Please print the listing that follows word for word, but skip any pictures it holds.

* Dataset extract:
+ + + + + + +

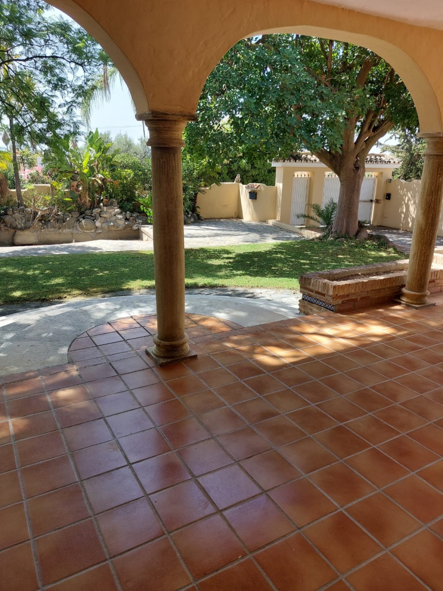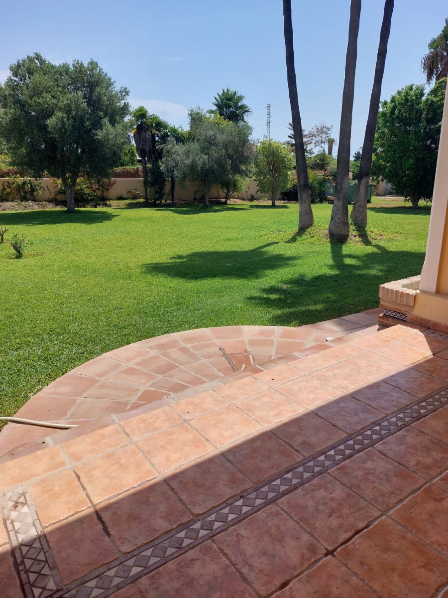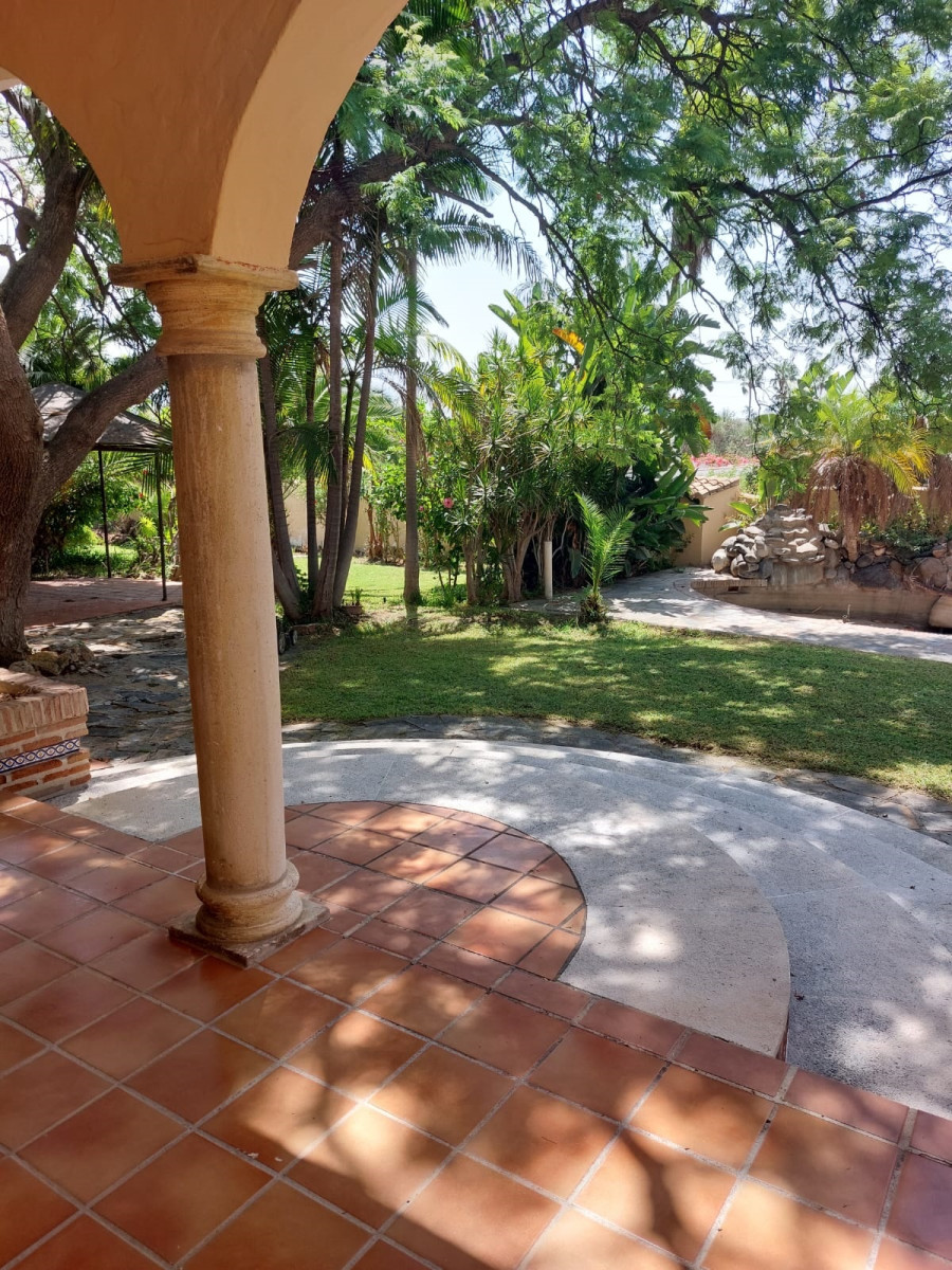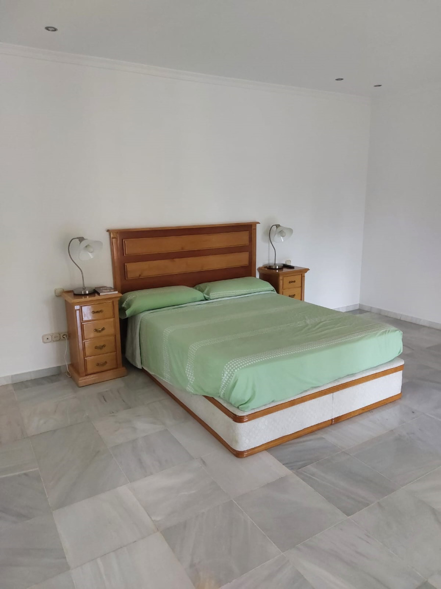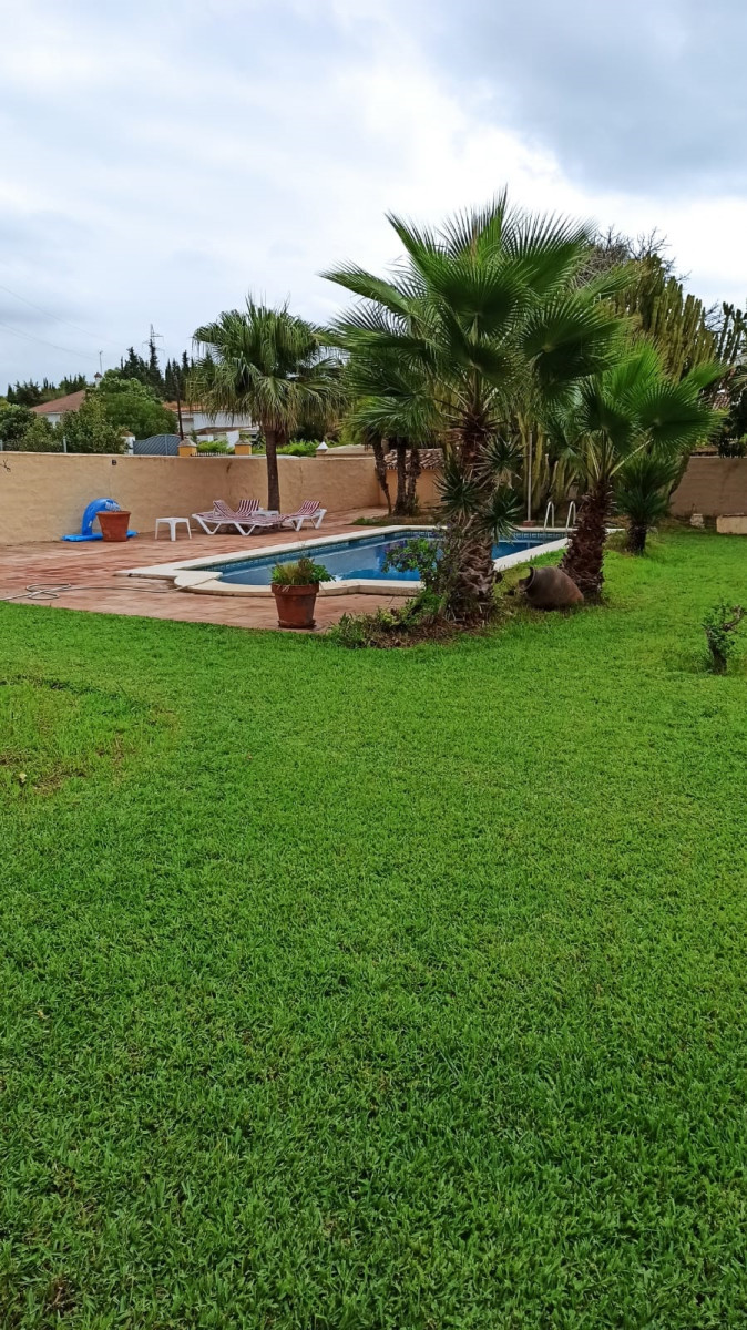 Bonita villa en alquiler Larga temporada en zona Selwo. Villa de gran tamaño, con orientación sureste. Dispone de gran salón comedor con chimenea, cuatro dormitorios, un despacho, cocina equipada, habitación independiente para invitados o servicio, y con gran parcela con piscina, jardín y fuente. Incluye el agua ya que tiene pozo propio. Dispone de alarma y la jardinería está incluida.
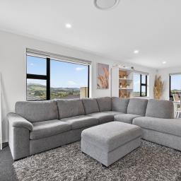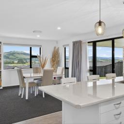 The heart of the home is the light-filled open-plan kitchen, dining, and living area, perfectly positioned to capture the stunning elevated outlook. Large windows frame the panoramic views, creating a beautiful backdrop for everyday living and entertaining.
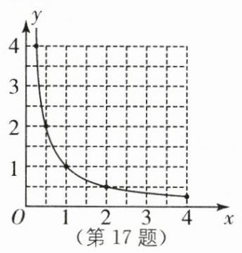 17. - (1)因为阻力×阻力臂 = 动力×动力臂,所以重物×$OA$ = 秤砣的质量×$OB$。因为$OA = 2cm$,重物的质量为$xkg$,$OB$的长为$ycm$,秤砣的质量为$0.5kg$,所以$2x = 0.5y$,所以$y = 4x$。因为$4 > 0$,所以$y$随$x$的增大而增大。因为当$y = 0$时,$x = 0$;当$y = 48$时,$x = 12$,所以$0 < x < 12$。 - (2)因为阻力×阻力臂 = 动力×动力臂,所以秤砣的质量×$OA$ = 重物的质量×$OB$。因为$OA = 2cm$,重物的质量为$xkg$,$OB$的长为$ycm$,秤砣的质量为$0.5kg$,所以$2×0.5 = xy$,所以$y = \frac{1}{x}$。当$x = 0.25$时,$y = \frac{1}{0.25}=4$;当$x = 0.5$时,$y = \frac{1}{0.5}=2$;当$x = 1$时,$y = 1$;当$x = 2$时,$y = \frac{1}{2}$;当$x = 4$时,$y = \frac{1}{4}$。作函数图象如图。

+ + + + + + +

* Finished exercise:
 Bonita villa en alquiler Larga temporada en zona Selwo. Villa de gran tamaño, con orientación sureste. Dispone de gran salón comedor con chimenea, cuatro dormitorios, un despacho, cocina equipada, habitación independiente para invitados o servicio, y con gran parcela con piscina, jardín y fuente. Incluye el agua ya que tiene pozo propio. Dispone de alarma y la jardinería está incluida.
 The heart of the home is the light-filled open-plan kitchen, dining, and living area, perfectly positioned to capture the stunning elevated outlook. Large windows frame the panoramic views, creating a beautiful backdrop for everyday living and entertaining.
 17. - (1)因为阻力×阻力臂 = 动力×动力臂,所以重物×$OA$ = 秤砣的质量×$OB$。因为$OA = 2cm$,重物的质量为$xkg$,$OB$的长为$ycm$,秤砣的质量为$0.5kg$,所以$2x = 0.5y$,所以$y = 4x$。因为$4 > 0$,所以$y$随$x$的增大而增大。因为当$y = 0$时,$x = 0$;当$y = 48$时,$x = 12$,所以$0 < x < 12$。 - (2)因为阻力×阻力臂 = 动力×动力臂,所以秤砣的质量×$OA$ = 重物的质量×$OB$。因为$OA = 2cm$,重物的质量为$xkg$,$OB$的长为$ycm$,秤砣的质量为$0.5kg$,所以$2×0.5 = xy$,所以$y = \frac{1}{x}$。当$x = 0.25$时,$y = \frac{1}{0.25}=4$;当$x = 0.5$时,$y = \frac{1}{0.5}=2$;当$x = 1$时,$y = 1$;当$x = 2$时,$y = \frac{1}{2}$;当$x = 4$时,$y = \frac{1}{4}$。作函数图象如图。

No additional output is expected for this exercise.